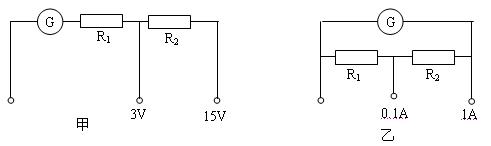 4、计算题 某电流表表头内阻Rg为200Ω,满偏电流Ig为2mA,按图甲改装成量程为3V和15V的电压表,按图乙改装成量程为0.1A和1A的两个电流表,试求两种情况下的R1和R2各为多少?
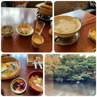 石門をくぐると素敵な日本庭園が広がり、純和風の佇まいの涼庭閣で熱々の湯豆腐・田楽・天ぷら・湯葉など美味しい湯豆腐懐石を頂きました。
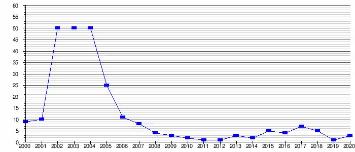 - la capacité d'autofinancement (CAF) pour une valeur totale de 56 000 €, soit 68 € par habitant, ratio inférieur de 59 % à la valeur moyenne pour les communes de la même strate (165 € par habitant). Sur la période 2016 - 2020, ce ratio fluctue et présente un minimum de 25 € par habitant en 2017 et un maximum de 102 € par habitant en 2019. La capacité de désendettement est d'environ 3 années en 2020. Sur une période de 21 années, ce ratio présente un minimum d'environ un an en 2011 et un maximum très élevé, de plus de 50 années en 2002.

==================================================

Repeat exactly and only the lines from the start of the data above through the line that holds "石門をくぐると素敵な日本庭園", inclusive. Pictures do not belong in the copy.

 4、计算题 某电流表表头内阻Rg为200Ω,满偏电流Ig为2mA,按图甲改装成量程为3V和15V的电压表,按图乙改装成量程为0.1A和1A的两个电流表,试求两种情况下的R1和R2各为多少?
 石門をくぐると素敵な日本庭園が広がり、純和風の佇まいの涼庭閣で熱々の湯豆腐・田楽・天ぷら・湯葉など美味しい湯豆腐懐石を頂きました。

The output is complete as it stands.